** The data follows **

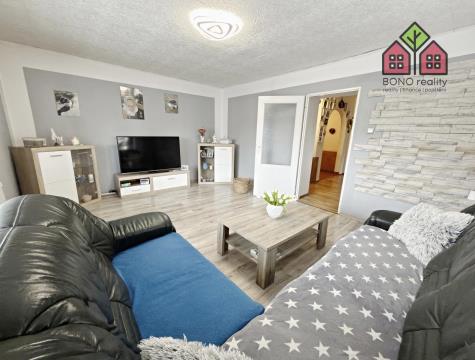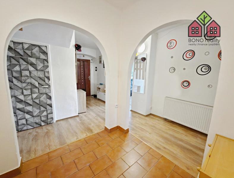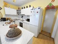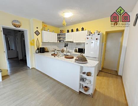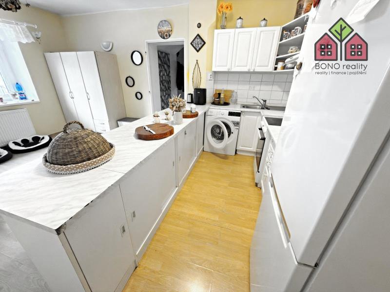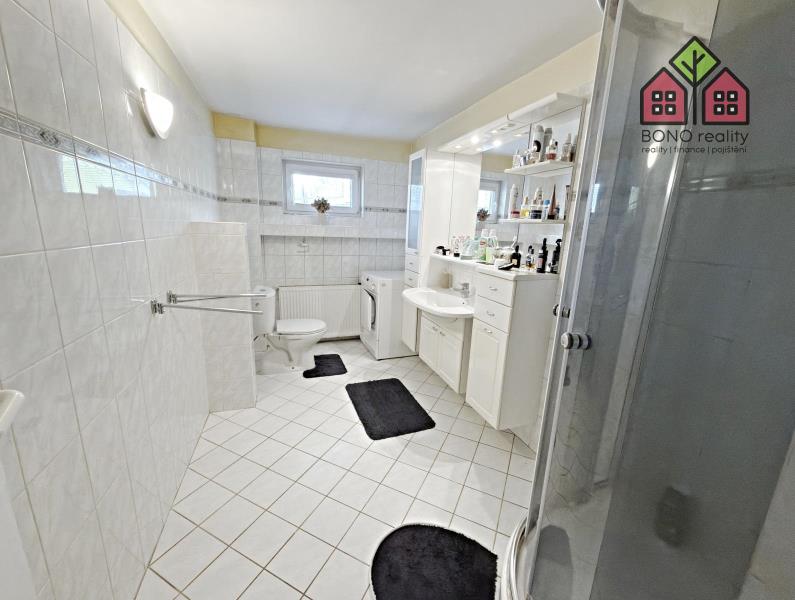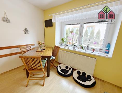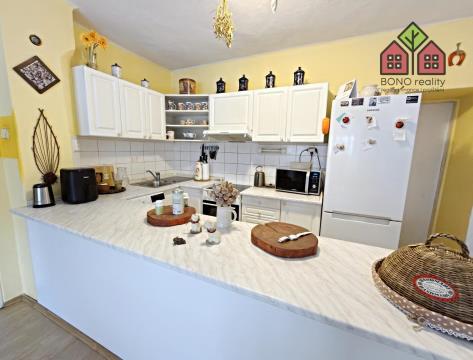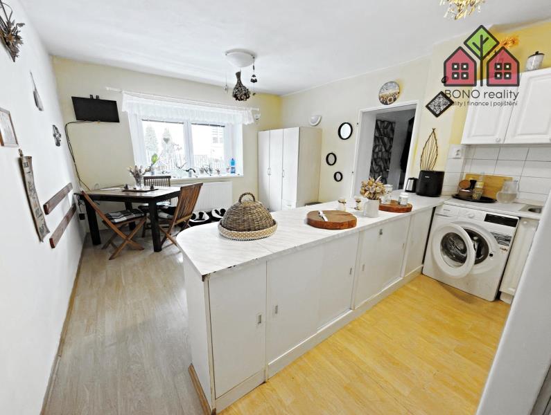 Pojďme si však nyní představit hlavní část rodinného domu o současné dispozici 5+1, kterou tvoří jedno nadzemní podlaží s obytným podkrovím. Již při vstupu do větší chodby na Vás dýchne velmi příjemná atmosféra útulného domova, neboť dům je po rekonstrukci, pečlivě udržován a stylově vybaven. Z chodby je vstup do kuchyně s jídelnou, obývacího pokoje, pokoje (nebyly pořízeny jeho fotografie z důvodu zachování soukromí vlastníka) a do koupelny s toaletou. V kuchyni je linka s velkým pracovním pultem (barový), elektrická kamna, přípojka pro automatickou pračku a místo pro lednici. U okna, s výhledem do zeleně, je pak umístěn jídelní stůl. Obývací pokoj má výměru 25,10 m2 a lze zde tedy umístit i opravdu velkou sedací soupravu, nezbytné skříňky či například počítačový koutek. Dostatek místa zde bude i pro Vaše případné domácí mazlíčky, jak ostatně i z pořízených fotografií vyplývá. Velkoryse řešena je i koupelna se sprchovým koutem, toaletní skříňkou s umyvadlem a společnou toaletou. Obložena je pak příjemným a nadčasovým keramickým obkladem. V tomto podlaží jsou osazena plastová okna a na podlaze je položena dlažba nebo plovoucí podlahy.
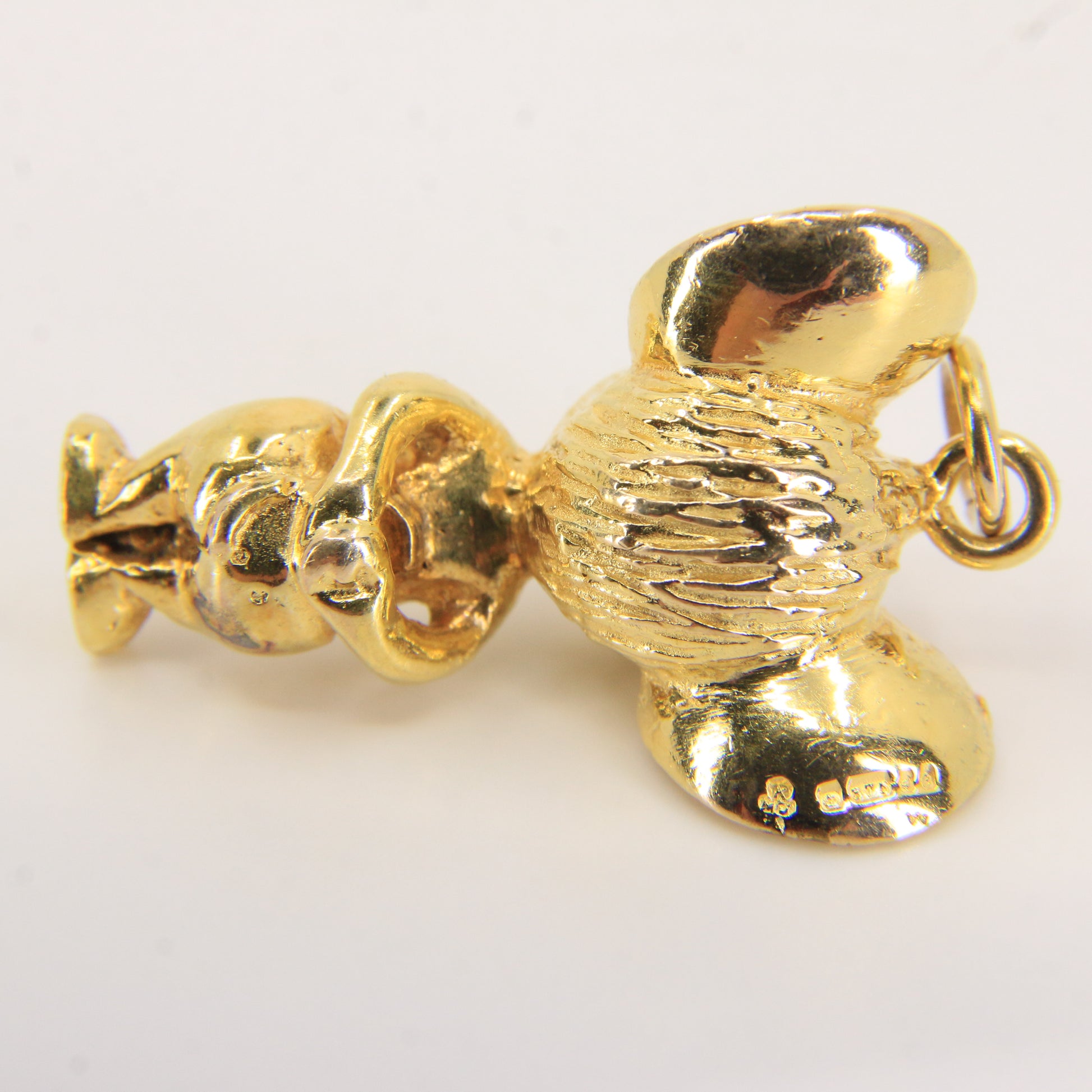 A vintage 9ct yellow gold hallmarked pendant charm depicting Jerry from the classic Tom and Jerry cartoon. A playful and collectible piece of jewellery, perfect as a gift or addition to a charm bracelet.
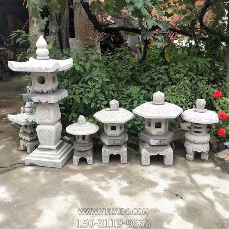 庭院裝飾擺放青石雕刻日式石燈雕塑.圖片展示
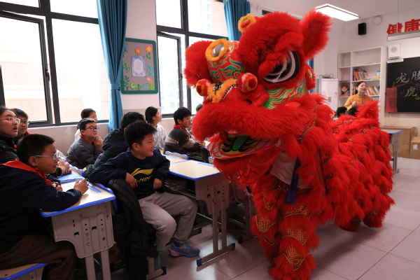 随后的舞狮表演将气氛推向高潮。由4名大学生扮演的两只“狮子”活灵活现,穿梭于课桌之间,孩子们笑声不断,纷纷上前与“狮子”亲密互动,现场气氛热烈。

** End of The data **

* [About this task]: Give back the full listing exactly as written, only without its pictures.

* [Response area]:
 Pojďme si však nyní představit hlavní část rodinného domu o současné dispozici 5+1, kterou tvoří jedno nadzemní podlaží s obytným podkrovím. Již při vstupu do větší chodby na Vás dýchne velmi příjemná atmosféra útulného domova, neboť dům je po rekonstrukci, pečlivě udržován a stylově vybaven. Z chodby je vstup do kuchyně s jídelnou, obývacího pokoje, pokoje (nebyly pořízeny jeho fotografie z důvodu zachování soukromí vlastníka) a do koupelny s toaletou. V kuchyni je linka s velkým pracovním pultem (barový), elektrická kamna, přípojka pro automatickou pračku a místo pro lednici. U okna, s výhledem do zeleně, je pak umístěn jídelní stůl. Obývací pokoj má výměru 25,10 m2 a lze zde tedy umístit i opravdu velkou sedací soupravu, nezbytné skříňky či například počítačový koutek. Dostatek místa zde bude i pro Vaše případné domácí mazlíčky, jak ostatně i z pořízených fotografií vyplývá. Velkoryse řešena je i koupelna se sprchovým koutem, toaletní skříňkou s umyvadlem a společnou toaletou. Obložena je pak příjemným a nadčasovým keramickým obkladem. V tomto podlaží jsou osazena plastová okna a na podlaze je položena dlažba nebo plovoucí podlahy.
 A vintage 9ct yellow gold hallmarked pendant charm depicting Jerry from the classic Tom and Jerry cartoon. A playful and collectible piece of jewellery, perfect as a gift or addition to a charm bracelet.
 庭院裝飾擺放青石雕刻日式石燈雕塑.圖片展示
 随后的舞狮表演将气氛推向高潮。由4名大学生扮演的两只“狮子”活灵活现,穿梭于课桌之间,孩子们笑声不断,纷纷上前与“狮子”亲密互动,现场气氛热烈。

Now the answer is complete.